Что он там себе понял – это было его дело. И ему совсем не надо было знать, что мой дед когда-то работал у настоящих Ботэ конюхом, заработал денег и стал мельником, после чего «наши семьи долго не общались». Сомневаюсь, что кто-то из Ботэ не то что помнил, но даже подозревал о нашем существовании.
– Разрешите предложить вам чай? кофе?
– теперь мэр был – сама предупредительность.
– Благодарю, вы очень любезны, но не нужно, - важно отказалась я.
– С какой целью вы к нам приехали, леди?
Руки у него заметно дрожали, когда он ставил в мою подорожную штамп о прибытии в Шантель-де-нэж.
– Не называйте меня леди, месье, - сказала я, немного кокетничая. – Моя семья переживает сейчас не самые лучшие времена, как все честные люди. Я закончила пансион госпожи Флёри, что в столице, и теперь работаю гувернанткой.
– Гувернанткой? – разочарованно протянул господин Ксавье, заодно ставя печать и на стол.
– Предпочитаю зарабатывать на жизнь честным трудом, - сказала я серьезно. – Меня рекомендовали госпоже Броссар, и она любезно предоставила мне место гувернантки у её маленькой подопечной.
– Ах, вот как… - мэр опять услужливо засуетился. – Что ж, это – доброе дело. Приветствую вас в нашем славном городе, леди… барышня! Люди у нас хорошие, сердечные, жизнь – простая и размеренная, смею надеяться, вам понравится жить здесь.
– И я очень надеюсь на это, - сказала я торжественно, забирая у него документы, потому что он опасно помахивал ими перед зажжёнными свечами. – Осмелюсь спросить вас, месье…
– А почему вы говорите – месье? – оживился он. – Вы – иностранка?
– Некоторое время жила там, - сказала я с нарочито безразличным видом.
Вторая заповедь госпожи Флёри после «притворяйся аристократкой» была «притворяйся, что приехала из-за границы».
– Ах, что вы… - с придыханием произнёс мэр. – И как там…
– Разрешите, я спрошу, - строго прервала я его, и он с готовностью закивал головой. – Месье извозчик сказал, что с нами разговаривал?..
– Милорд Огрест, - подсказал господин Камбер. – Господин маркграф Огрест. Все эти земли и три ближайших города принадлежат его семье уже пятое поколенье.
– Огрест? Но месье извозчик назвал его лордом Огром?
– Прошу вас!.. – голос у мэра сорвался, и он даже оглянулся, будто кто-то мог нас подслушать. – Не называйте так его сиятельство! Он придёт в ярость, если услышит!
– О, так это – нелепое прозвище? – я чуть не хихикнула, потому что при встрече милорд Огрест показался мне довольно привлекательным мужчиной - ничего общего с бородавчатым людоедом из болота. Но всё же я очень серьёзно поблагодарила мэра: – Хорошо, что вы предупредили меня, месье. Так я избавлена от страшной ошибки. Только почему маркиз Огрест не любит, когда смеются? – поддерживая свою легенду об аристократке-иностранке, я назвала маркграфа на заграничный манер – маркизом.

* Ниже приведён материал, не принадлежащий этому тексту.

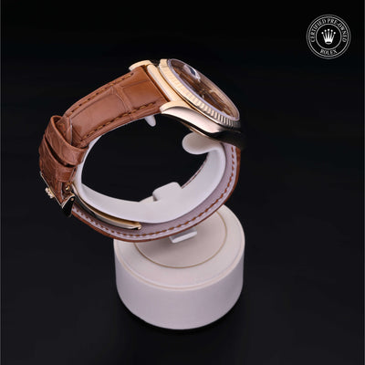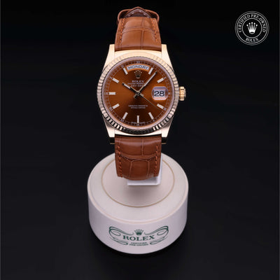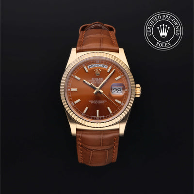 The Oyster Perpetual Day-Date, available only in 18 ct gold or 950 platinum, embodies the essence of Rolex prestige and excellence. At its launch in 1956, it was the world’s first calendar wristwatch to indicate, in addition to the date, the day of the week spelt out in full in a window on the dial – a major watchmaking innovation.

Вот яркий пример, что иностранное произношение всегда в выигрыше – кажется, что маркиз Людоед звучит изящнее, чем лорд Огр. Если только подобное прозвище можно посчитать изящным.
– Очень печальная история, очень, - господин Камбер состроил грустную физиономию, и это выглядело почти комично. – Брат и невестка милорда Огреста умерли, он в трауре, очень тяжело переживает эту утрату, а мы уважаем его горе и не смеем нарушать его, тем более – смехом.

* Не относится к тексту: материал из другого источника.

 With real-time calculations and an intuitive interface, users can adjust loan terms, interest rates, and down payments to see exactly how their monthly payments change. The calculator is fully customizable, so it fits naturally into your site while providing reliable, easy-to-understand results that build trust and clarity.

– Какое несчастье… - сказала я абсолютно искренне, и мне стало совестно, что я заливалась там, на крылечке.
А ведь сама только-только сняла траур по отцу.

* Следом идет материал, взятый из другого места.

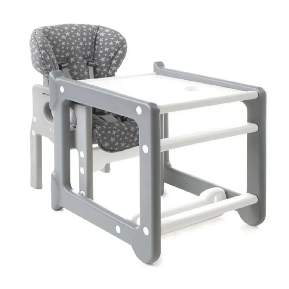 Este innovador producto combina las funcionalidades de una trona, una silla y una mesa, adaptándose a las necesidades cambiantes de tu hijo.

– Ваша маленькая подопечная – Марлен Огрест, - продолжал мэр. – Племянница милорда маркграфа.
– Это её родители умерли? – догадалась я.
– Да, речь о ней, - скорбно подтвердил мэр.
– Тогда я, наверное, не вовремя, - сказала я с тревогой. – Вряд ли девочке до учёбы после такой трагедии. А что случилось? Несчастный случай? Болезнь?
– Несчастный случай. Но вам не надо об этом волноваться, - успокоил меня мэр. – Это произошло семь лет назад. Барышня Марлен вряд ли помнит родителей.